Federal and state laws provide legal rights for “protected classes” of employees. Protected classes are people who might experience discrimination based on race, religion, sex, color, age, physical or mental disability or nationality.

Current federal law against discrimination, however, does not always apply to small businesses. For instance, Title I of the Americans with Disabilities Act and Title VII of the Civil Rights Act of 1964 exempt employers with fewer than 15 employees. That means that as long as the small business does not employ more than 14 employees, it can refuse to hire groups of people — including disabled persons and women — and not be in violation of federal discrimination law. The Age Discrimination in Employment Act does not apply to employers with fewer than 20 people. If a business employs only 19 people, it can legally refuse to hire anyone over the age of 40.

Title II of the Genetic Information Nondiscrimination Act protects employees against discrimination based on their genetic information, which includes medical history. A small business with fewer than 15 employees is exempt.

Industry-specific exemptions

Energy conservation. If your business manufactures products covered by the Department of Energy standards but your annual gross revenue didn’t exceed $8 million in the previous 12 months, you can apply for a temporary exemption from all or part of a water or energy conservation standard.

Food labels. The Food and Drug Administration requires that packaged food and dietary supplements contain nutrition labels. There are, however, exemptions. If your business has fewer than 100 full-time workers and sold fewer than 100,000 food or dietary products in the U.S. in the past 12 months, you might be exempt from the labeling rules.

To receive the exemption, you must file for one each year. Additionally, if you’re a retailer with annual gross sales of less than $500,000 and total food or dietary supplement sales of less than $50,000 a year, your business is also exempt from the labeling rules. In this case, you don’t need to file a notice with the FDA.

When to ask a pro

Despite the dominance of small businesses in the U.S., federal regulations have had a disproportionate impact on small business and free enterprise. “Large companies have departments for compliance, tax, and legal issues, that small businesses do not,” Leffler said.
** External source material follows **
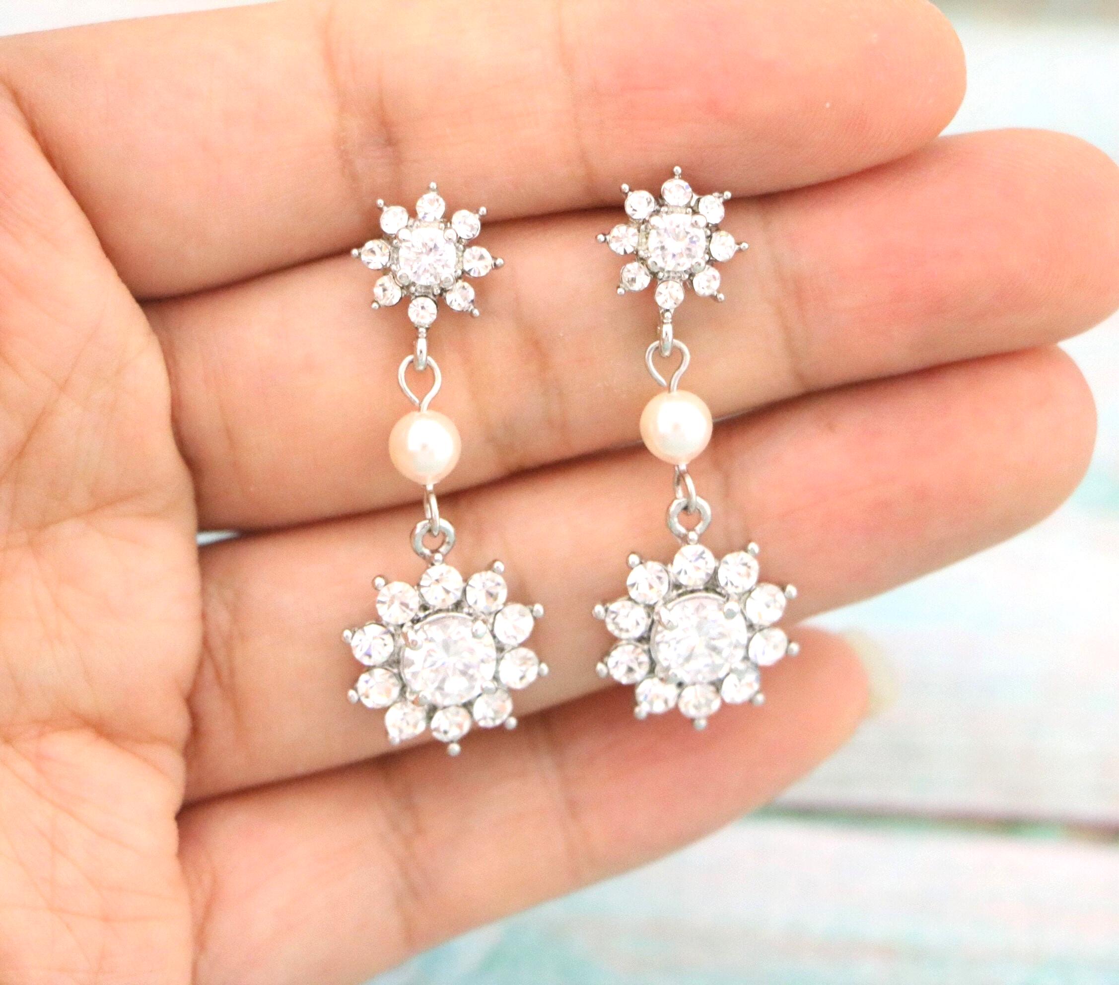 Bridal Earrings, Wedding Earrings, Swarovski Pearl Drop Dangle Earrings, Vintage Style Earrings, Old Hollywood Wedding Jewelry

“That leaves the burden of wading through and keeping up to date on local, state, and federal regulations to the owner(s) or another employee, which takes them away from fulfilling their main goal: producing a product.

“Seek legal/tax help on day one. Don’t wait until one year into your business’ existence or when something has become a major problem. And, whether you call on an accountant or lawyer or both, make it clear that you are depending on them to keep you updated on new laws and regulations that affect your small business,” he said.

The bottom line

Although it’s difficult and often frustrating to keep up with the ever-changing regulations placed on small businesses, the penalty for failing to do so might result in your having to close your business, pay a fine or even face prosecution. That said, because new regulations are passed often, it’s difficult to summarize all of the regulations imposed at any given time. It’s worth the time and initial costs of working with a pro to figure out which regulations apply to your small business. Doing so now can save you many headaches later.